I assumed she was still not sexually mature, because what I've read seems to indicate that neither the males or females were at breeding age. However, she has been getting rather bulbous and lumpy. I used to have a close friend who frequently and carelessly bred mice when I was about 12 or so, so I know that their bellies grow to mass proportions, but usually for the mice at least it was in the last few days before birth. 

Anyhow. My baby isn't huge or even exceptionally big, but her shape is worrying me a little bit. I took a few pictures. I have two other rats and they have always had very flat bellies. 

http://i140.photobucket.com/albums/r18/Rilyne/aa.jpg
A comparison between ratty stomachs.

http://i140.photobucket.com/albums/r18/Rilyne/aab.jpg
General size comparison. The adult with her is Penelope, who is about 5 mo old. She is a relatively small rat.

http://i140.photobucket.com/albums/r18/Rilyne/aaa.jpg
Looking a bit lumpy at the sides.

http://i140.photobucket.com/albums/r18/Rilyne/aac.jpg
Probably the most telling picture.

I would guess that if she is pregnant she is about two weeks along. 
What do you guys think? Possible pregnancy?


----------



## hshelton

I've never had a pregnant rat before but her belly is awfully big for her size.


----------



## Stace87

Have you looked at anything about megacolon too?


----------



## Cricket

Aw man. I really, really hope it isn't megacolon. I looked into the symptoms, she seems to be passing stools just fine. I'm cleaning out her cage in about an hour or so, so I'll moniter what's going on extra carefully. She seems to be doing very well though. I looked at the pictures and I'm not sure if they are particularly servere cases, but she doesn't look similar to them at all, and is older or as old as the majority of the pups they depicted. She also isn't showing any symptoms of pain and is bright eyes and bouncy. 

I also haven't been weighing her or anything, but she appears to be growing! So I certainly hope Megacolon is not the case. :-[


----------



## ema-leigh

She could definatly be a canadiate for megacolon by looking at her markings. I would put her in an animal carrier, or small cage for about an hour just so you can double check her stools. 

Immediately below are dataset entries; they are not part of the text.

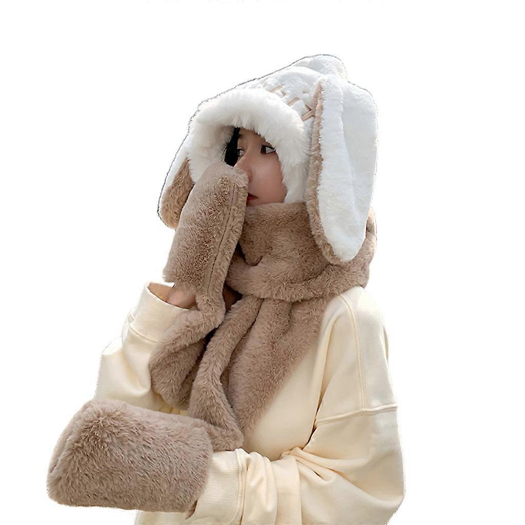 Girls Hat Rabbit Ear Shaped Three-piece Scarf Gloves In One Winter Accessory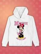 Journey across the roads of life with this Disney Mickey and Friends hoodie for kids girls. The pullover hoodie features a blocky MInnie Mouse wearing pink dress and standing in the center with shy face on the sweatshirt. The "Minnie One Of A Kind" title is printed below of Minnie Mouse cartoon. The sweatshirt comes in a off white with hooded neck. Bring it home to your kids gamer and Disney fan today from Kidsville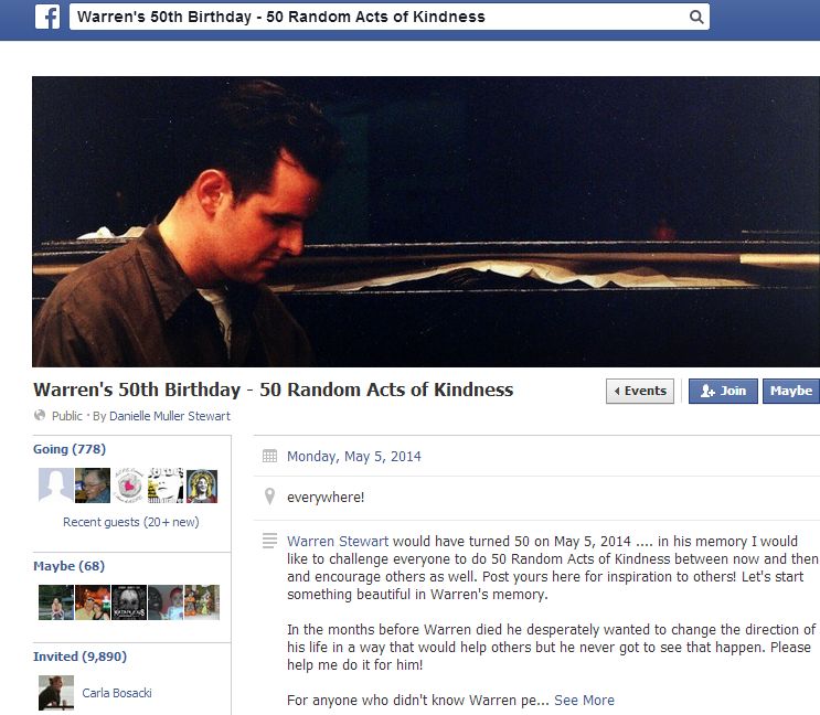 Starting on New Year’s Day, Stewart started a Facebook group inviting both friends and strangers to commit 50 random acts of kindness this year. So far, nearly 800 people have signed up.

There is also a chance she could be pregnant! Ive seen tiny 4-5 week old rats who also looked like mice and petstore stock are often small anyway. If shes passing stool fine, then I would guess shes pregnant. Have her nipples become more prominant? Also in the last few days you can often see and feel the babies moving inside of her. Give her a little bit of scrambled egg for some additional protien. 

Keep us updated.


----------



## Cricket

After I cleaned out her cage and put her back in there was about 4 or 5 rat droppings in there within the half hour, which I take to be a good sign. Her stools seem normal, they don't match the symptoms. Also, when I looked at the link it said that the rats were stunted in growth in comparison to their siblings, and she had a few very similar siblings (I don't remember if they had the same spot on the forehead) and a few solid colored ones as well. They were all very much the same size. Which I also take to be a good thing. 

I am worried though that if she is pregnant, what the likelihood of the babies coming out with it would be, since I am guessing one of her brothers is the dad. I also don't know very much about rat genetics, and certainly didn't plan to get into the breeding thing. 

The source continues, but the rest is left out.